* [Dataset content]
*** Begin section ***

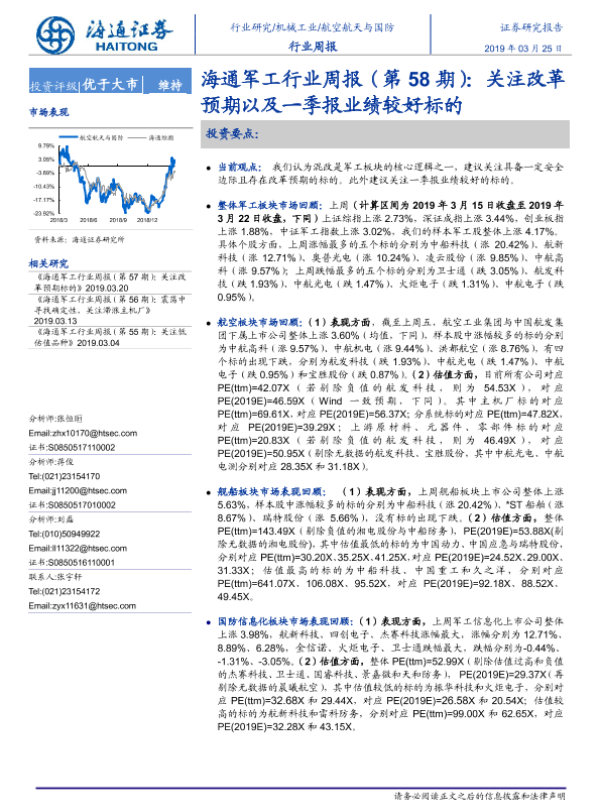【海通证券】【20190325】海通军工行业周报(第58期):关注改革预期以及一季报业绩较好标的-4页
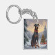 Mitt i en vintersaga njuter en lekfull hund en snöig julmorgon och lämnar efter sig bedårande tassavtryck i den glittrande snön. Deras glädje och nyfikenhet tillför värme till den förtrollande högtidsscenen och gör den verkligt magisk.
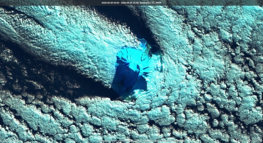 Image: Composite satellite image of the Mawson Peak volcanic summit on Big Ben, Heard Island, Australia - 25 May 2023. Source: Modified Copernicus Sentinel data [2023], processed by Pierre Markuse
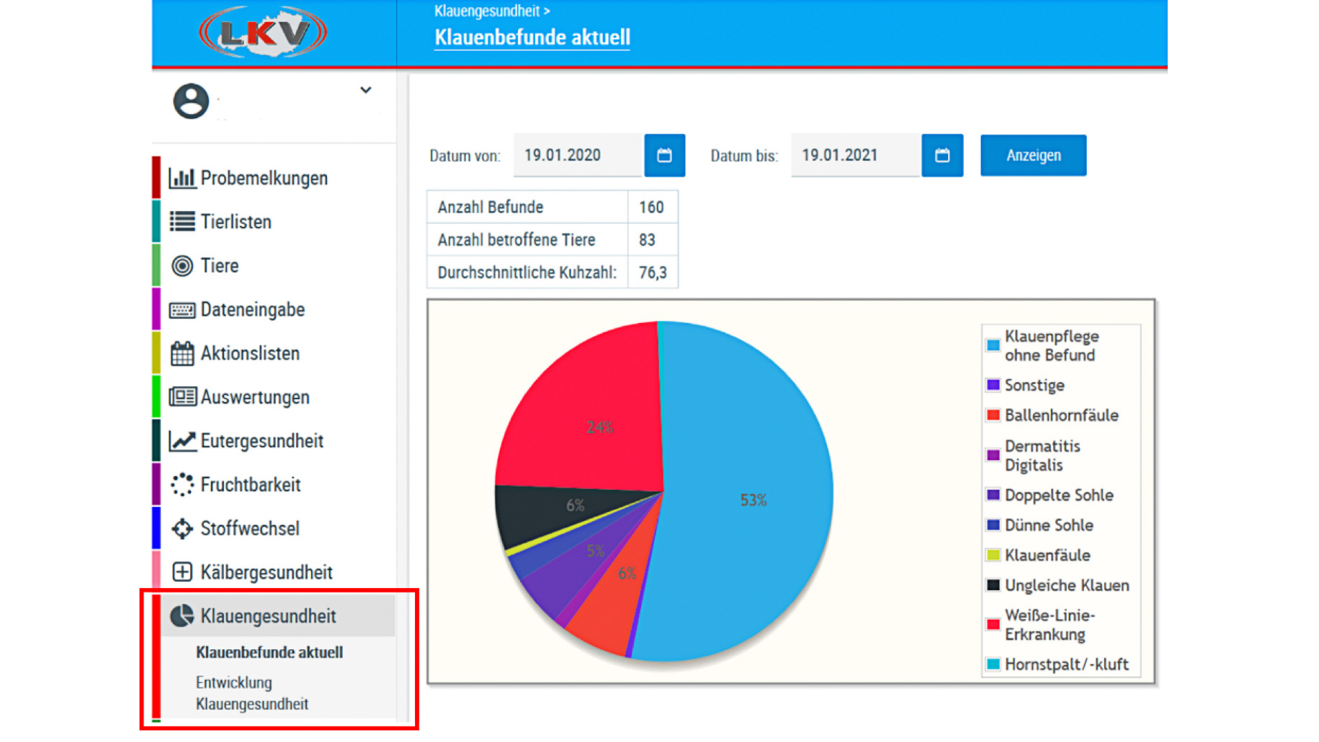Die Ansicht „Klauenbefunde aktuell“ (Abb. 1) gibt einen Überblick über die Klauenbefunde des letzten Jahres auf dem Betrieb. Der Zeitraum der Betrachtung kann beliebig verändert werden. Das dargestellte Tortendiagramm zeigt den Anteil (%) an Klauenbefunden, die im definierten Zeitraum auf dem Betrieb dokumentiert wurden.

*** End section ***

* [Action item]
Hand back the data above exactly, with no images.

* [Response to this exercise]
【海通证券】【20190325】海通军工行业周报(第58期):关注改革预期以及一季报业绩较好标的-4页
 Mitt i en vintersaga njuter en lekfull hund en snöig julmorgon och lämnar efter sig bedårande tassavtryck i den glittrande snön. Deras glädje och nyfikenhet tillför värme till den förtrollande högtidsscenen och gör den verkligt magisk.
 Image: Composite satellite image of the Mawson Peak volcanic summit on Big Ben, Heard Island, Australia - 25 May 2023. Source: Modified Copernicus Sentinel data [2023], processed by Pierre Markuse
Die Ansicht „Klauenbefunde aktuell“ (Abb. 1) gibt einen Überblick über die Klauenbefunde des letzten Jahres auf dem Betrieb. Der Zeitraum der Betrachtung kann beliebig verändert werden. Das dargestellte Tortendiagramm zeigt den Anteil (%) an Klauenbefunden, die im definierten Zeitraum auf dem Betrieb dokumentiert wurden.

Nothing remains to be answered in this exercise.